Fast, Accurate Detection of 100,000 Object Classes on a Single Machine

June 27, 2013

Posted by Tom Dean, Google Research

Humans can distinguish among approximately 10,000 relatively high-level visual categories, but we can discriminate among a much larger set of visual stimuli referred to as features. These features might correspond to object parts, animal limbs, architectural details, landmarks, and other visual patterns we don’t have names for, and it is this larger collection of features we use as a basis with which to reconstruct and explain our day-to-day visual experience. Such features provide the components for more complicated visual stimuli and establish a context essential for us to resolve ambiguous scenes.

Contrary to current practice in computer vision, the explanatory context required to resolve a visual detail may not be entirely local. A flash of red bobbing along the ground might be a child’s toy in the context of a playground or a rooster in the context of a farmyard. It would be useful to have a large number of feature detectors capable of signaling the presence of such features, including detectors for sandboxes, swings, slides, cows, chickens, sheep and farm machinery necessary to establish the context for distinguishing between these two possibilities.

This year’s winner of the CVPR Best Paper Award, co-authored by Googlers Tom Dean, Mark Ruzon, Mark Segal, Jonathon Shlens, Sudheendra Vijayanarasimhan and Jay Yagnik, describes technology that will enable computer vision systems to extract the sort of semantically rich contextual information required to recognize visual categories even when a close examination of the pixels spanning the object in question might not be sufficient for identification in the absence of such contextual clues.

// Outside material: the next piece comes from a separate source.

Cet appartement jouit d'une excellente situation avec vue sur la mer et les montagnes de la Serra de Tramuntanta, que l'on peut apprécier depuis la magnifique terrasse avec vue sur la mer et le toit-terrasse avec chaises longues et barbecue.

Specifically, we consider a basic operation in computer vision that involves determining for each location in an image the degree to which a particular feature is likely to be present in the image at that particular location.

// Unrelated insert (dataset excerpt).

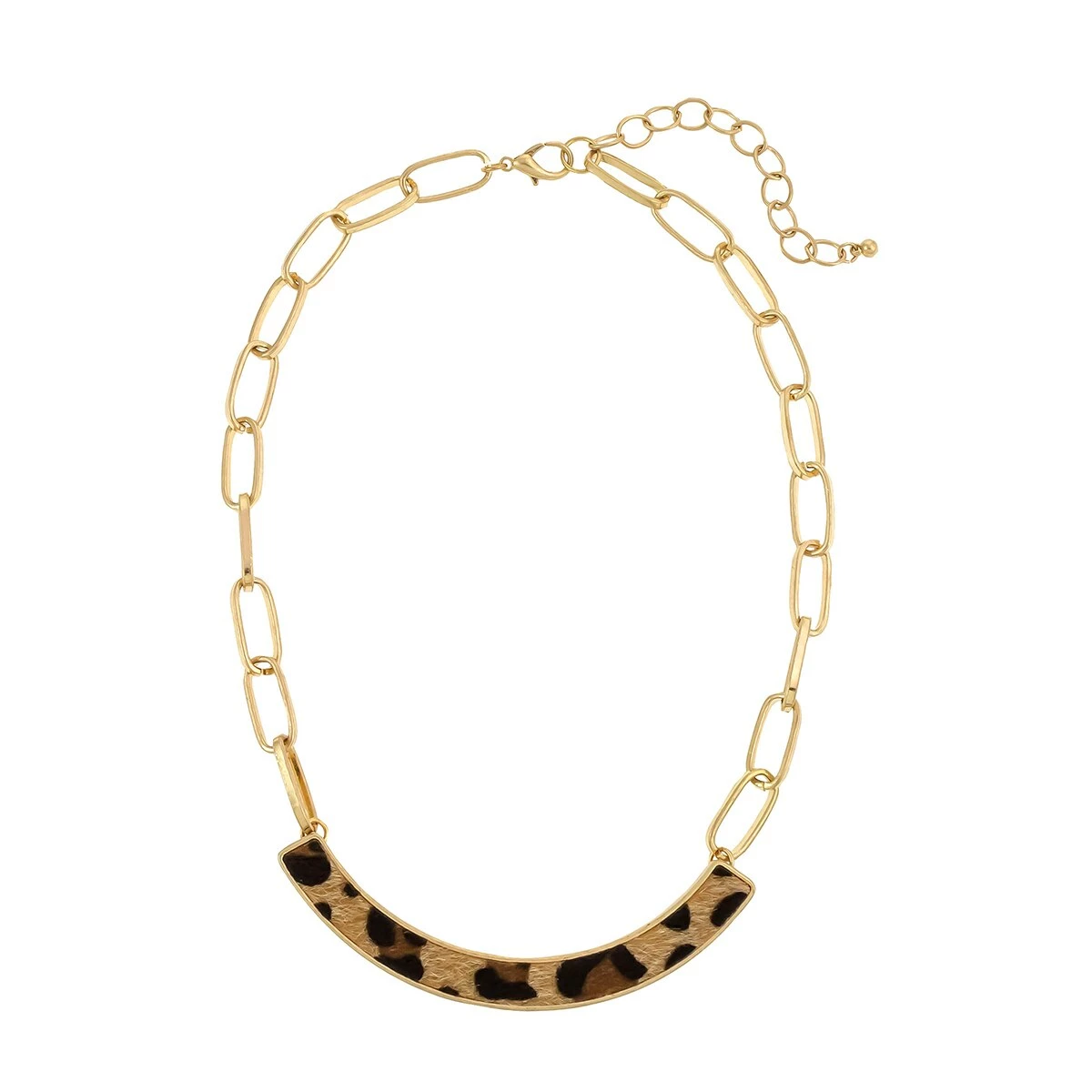 Show off your style with the Ashley Cooper™ gold-tone leopard print frontal bar necklace with chain link back.

This so-called convolution operator is one of the key operations used in computer vision and, more broadly, all of signal processing. Unfortunately, it is computationally expensive and hence researchers use it sparingly or employ exotic SIMD hardware like GPUs and FPGAs to mitigate the computational cost. We turn things on their head by showing how one can use fast table lookup — a method called hashing — to trade time for space, replacing the computationally-expensive inner loop of the convolution operator — a sequence of multiplications and additions — required for performing millions of convolutions with a single table lookup.

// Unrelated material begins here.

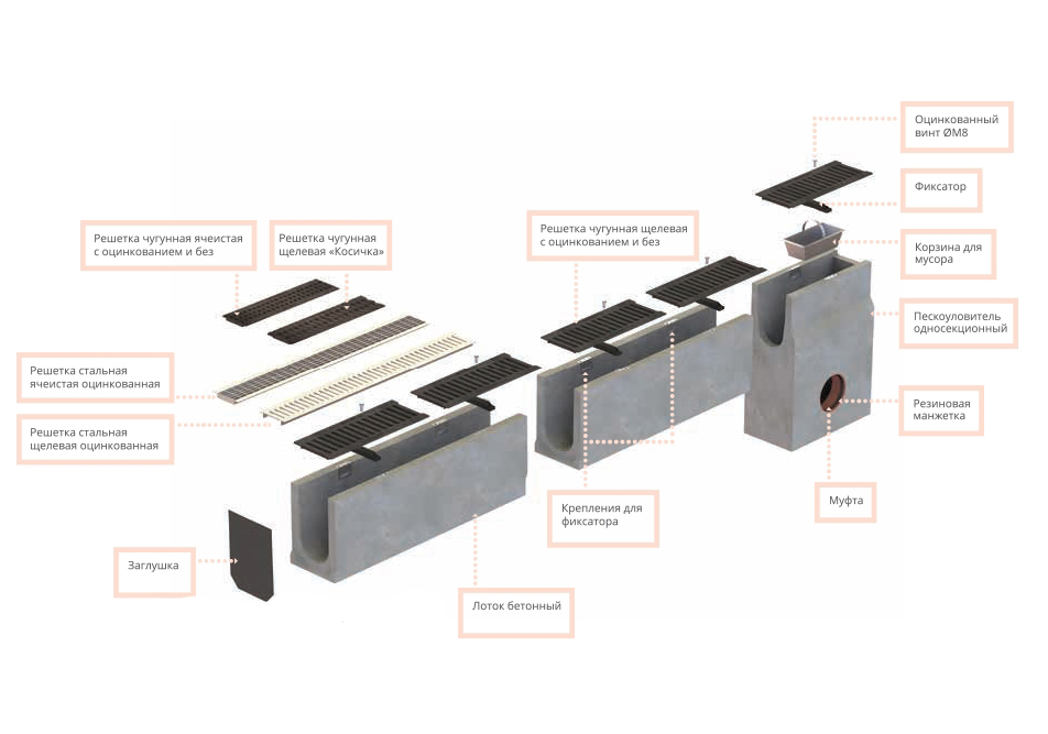 Подходит для отвода дождевой воды с крыш, дорог и площадок. Включает:

We demonstrate the advantages of our approach by scaling object detection from the current state of the art involving several hundred or at most a few thousand of object categories to 100,000 categories requiring what would amount to more than a million convolutions. Moreover, our demonstration was carried out on a single commodity computer requiring only a few seconds for each image. The basic technology is used in several pieces of Google infrastructure and can be applied to problems outside of computer vision such as auditory signal processing.

On Wednesday, June 26, the Google engineers responsible for the research were awarded Best Paper at a ceremony at the IEEE Conference on Computer Vision and Pattern Recognition held in Portland Oregon. The full paper can be found here.